EXERCISE GOAL >>
All lines in the records below from the line with "Drewniana ramka (13,5" through the line with "11 osainen tarjoiluastia- setti" are to be given again exactly, both ends included; the pictures are to be left out.

INPUT RECORDS >>
↓↓↓
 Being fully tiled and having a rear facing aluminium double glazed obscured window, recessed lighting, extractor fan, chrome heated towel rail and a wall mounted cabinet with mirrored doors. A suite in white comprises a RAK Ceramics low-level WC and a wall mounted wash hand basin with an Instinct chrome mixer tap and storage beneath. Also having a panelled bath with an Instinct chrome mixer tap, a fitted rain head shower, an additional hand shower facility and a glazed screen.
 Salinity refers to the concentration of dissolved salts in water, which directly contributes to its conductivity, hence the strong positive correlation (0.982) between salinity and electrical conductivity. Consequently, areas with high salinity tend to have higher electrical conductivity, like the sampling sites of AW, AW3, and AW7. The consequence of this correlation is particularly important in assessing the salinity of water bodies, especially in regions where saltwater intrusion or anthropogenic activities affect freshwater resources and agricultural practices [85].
↑↑↑
↓↓↓
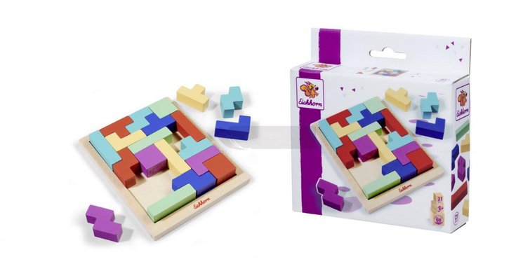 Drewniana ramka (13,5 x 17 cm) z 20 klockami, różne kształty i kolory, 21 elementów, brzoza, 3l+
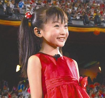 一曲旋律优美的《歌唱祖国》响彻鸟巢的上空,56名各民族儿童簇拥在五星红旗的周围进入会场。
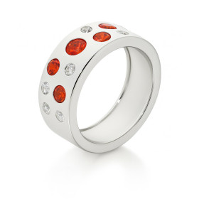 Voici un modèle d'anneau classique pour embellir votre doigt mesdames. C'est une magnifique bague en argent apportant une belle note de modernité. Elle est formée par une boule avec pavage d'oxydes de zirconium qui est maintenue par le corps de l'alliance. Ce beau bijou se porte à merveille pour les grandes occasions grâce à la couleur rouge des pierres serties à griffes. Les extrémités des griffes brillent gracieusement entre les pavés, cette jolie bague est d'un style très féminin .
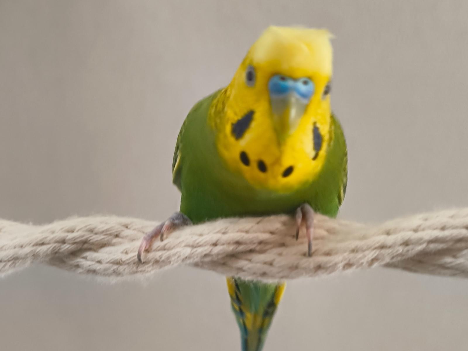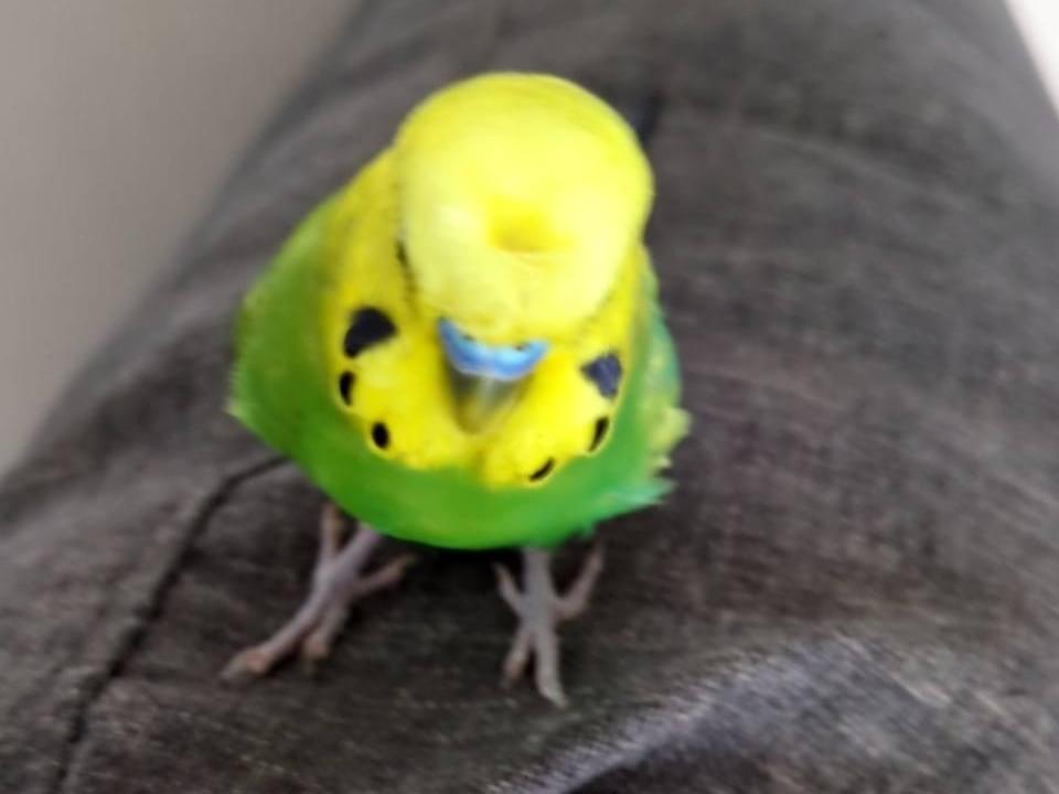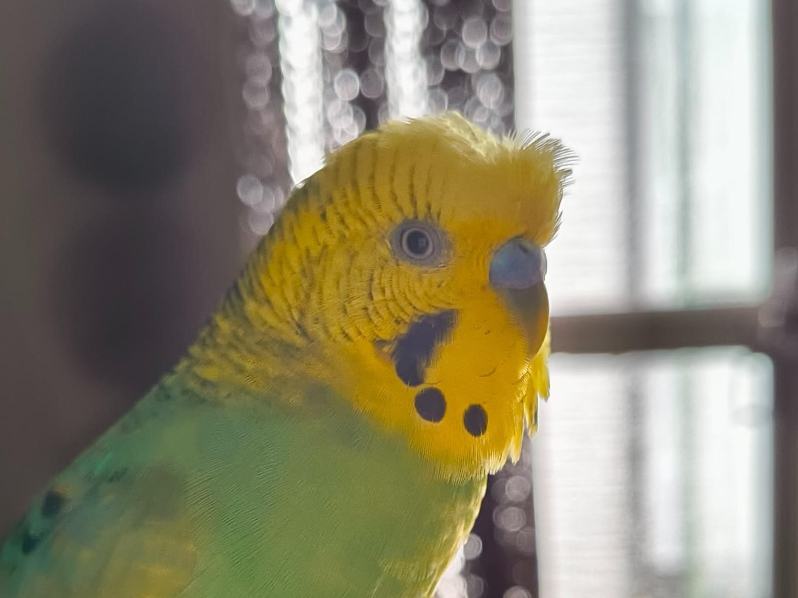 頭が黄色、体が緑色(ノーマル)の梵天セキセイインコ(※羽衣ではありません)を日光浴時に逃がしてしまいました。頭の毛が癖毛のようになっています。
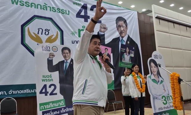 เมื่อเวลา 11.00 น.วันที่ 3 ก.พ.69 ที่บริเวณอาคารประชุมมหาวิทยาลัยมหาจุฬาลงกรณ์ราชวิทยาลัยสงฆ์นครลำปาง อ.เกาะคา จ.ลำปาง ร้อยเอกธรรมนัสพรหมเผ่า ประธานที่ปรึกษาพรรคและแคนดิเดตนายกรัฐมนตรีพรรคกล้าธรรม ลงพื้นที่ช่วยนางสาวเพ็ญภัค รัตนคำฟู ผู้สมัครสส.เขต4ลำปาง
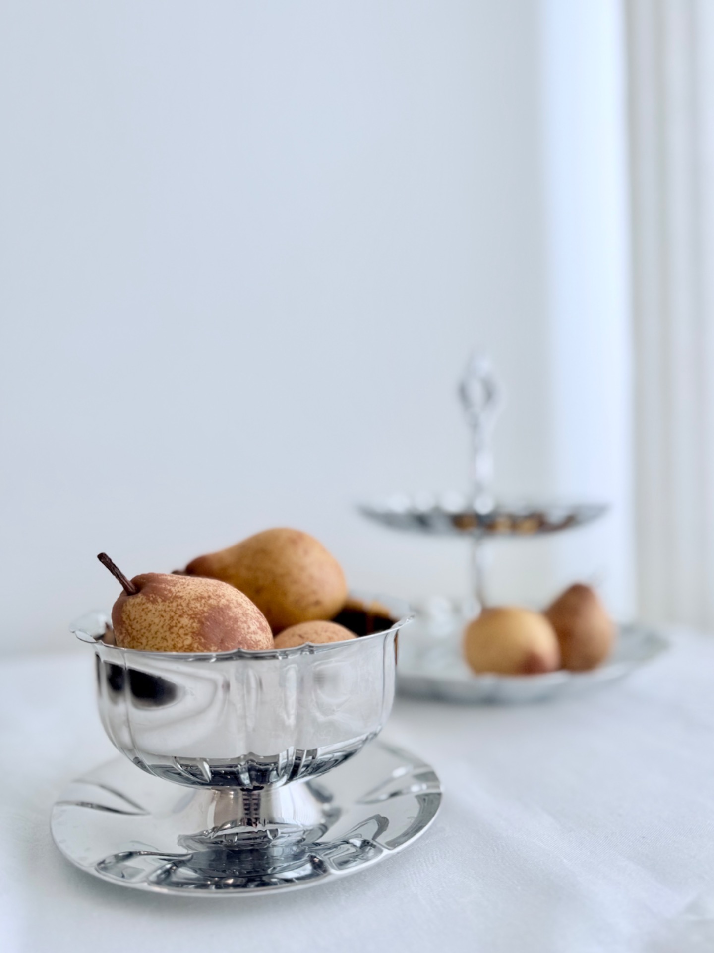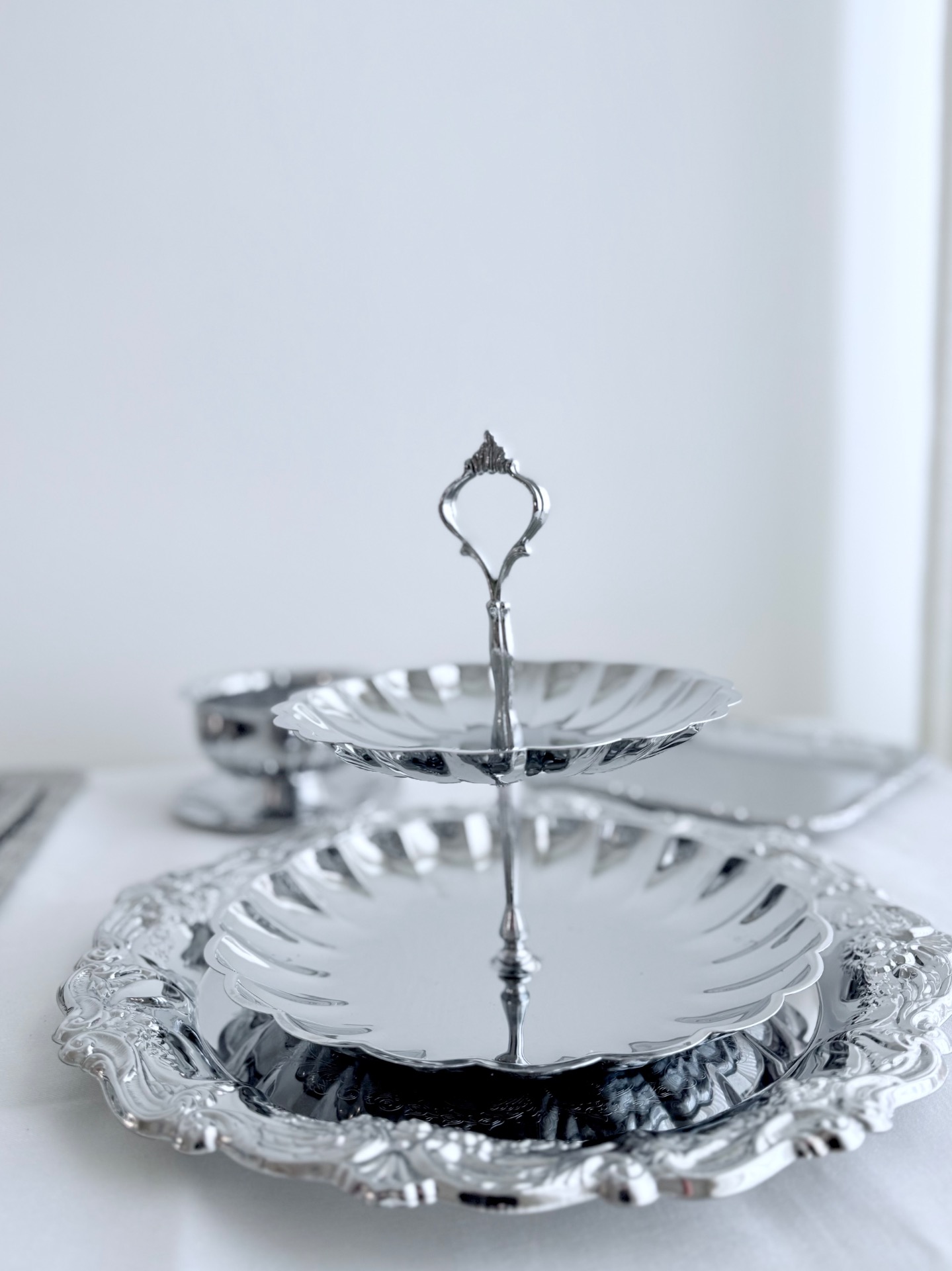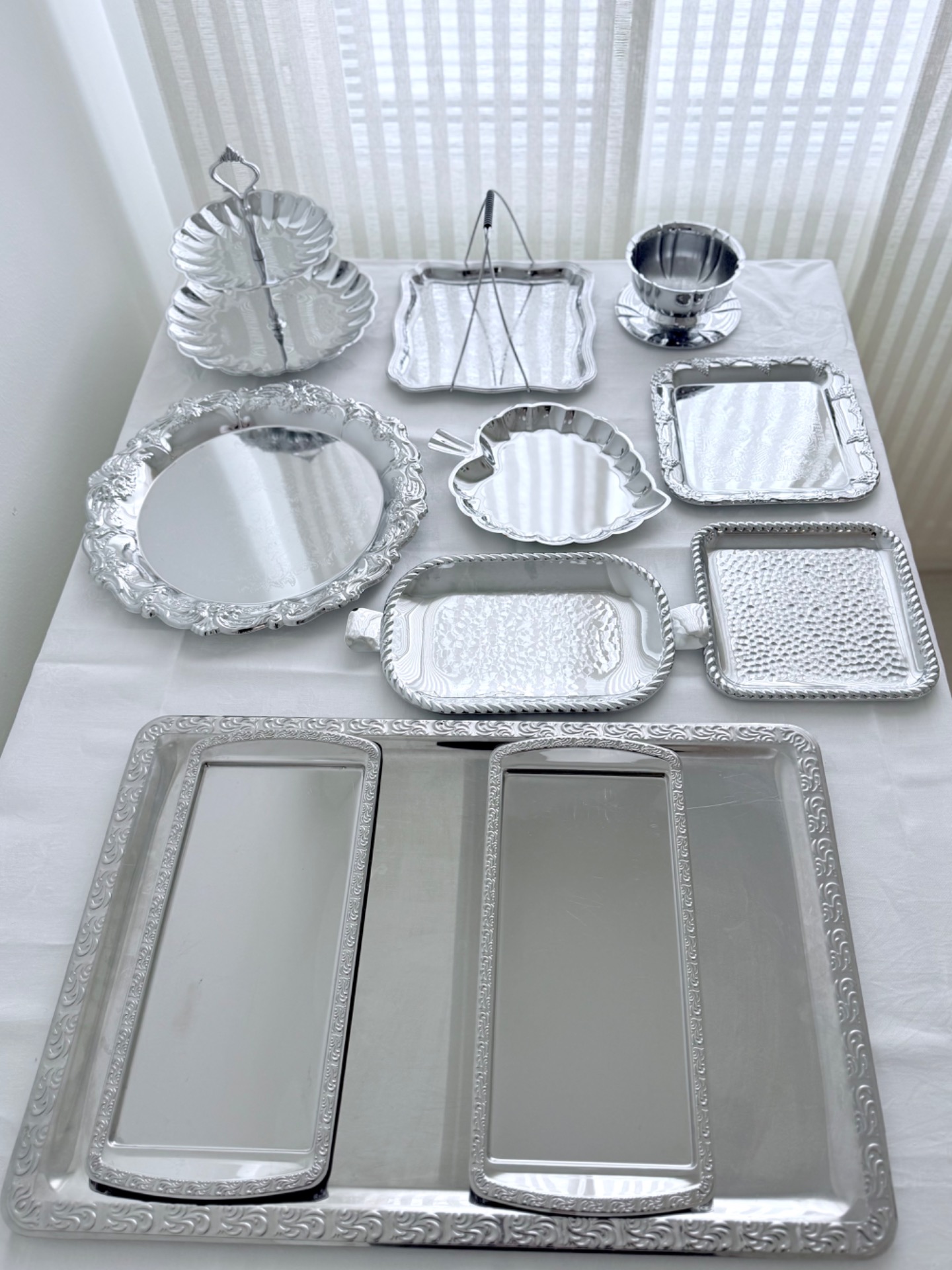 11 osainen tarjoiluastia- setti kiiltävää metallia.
↑↑↑
ANSWER FOR THIS EXERCISE >>
 Drewniana ramka (13,5 x 17 cm) z 20 klockami, różne kształty i kolory, 21 elementów, brzoza, 3l+
 一曲旋律优美的《歌唱祖国》响彻鸟巢的上空,56名各民族儿童簇拥在五星红旗的周围进入会场。
 Voici un modèle d'anneau classique pour embellir votre doigt mesdames. C'est une magnifique bague en argent apportant une belle note de modernité. Elle est formée par une boule avec pavage d'oxydes de zirconium qui est maintenue par le corps de l'alliance. Ce beau bijou se porte à merveille pour les grandes occasions grâce à la couleur rouge des pierres serties à griffes. Les extrémités des griffes brillent gracieusement entre les pavés, cette jolie bague est d'un style très féminin .
 頭が黄色、体が緑色(ノーマル)の梵天セキセイインコ(※羽衣ではありません)を日光浴時に逃がしてしまいました。頭の毛が癖毛のようになっています。
 เมื่อเวลา 11.00 น.วันที่ 3 ก.พ.69 ที่บริเวณอาคารประชุมมหาวิทยาลัยมหาจุฬาลงกรณ์ราชวิทยาลัยสงฆ์นครลำปาง อ.เกาะคา จ.ลำปาง ร้อยเอกธรรมนัสพรหมเผ่า ประธานที่ปรึกษาพรรคและแคนดิเดตนายกรัฐมนตรีพรรคกล้าธรรม ลงพื้นที่ช่วยนางสาวเพ็ญภัค รัตนคำฟู ผู้สมัครสส.เขต4ลำปาง
 11 osainen tarjoiluastia- setti kiiltävää metallia.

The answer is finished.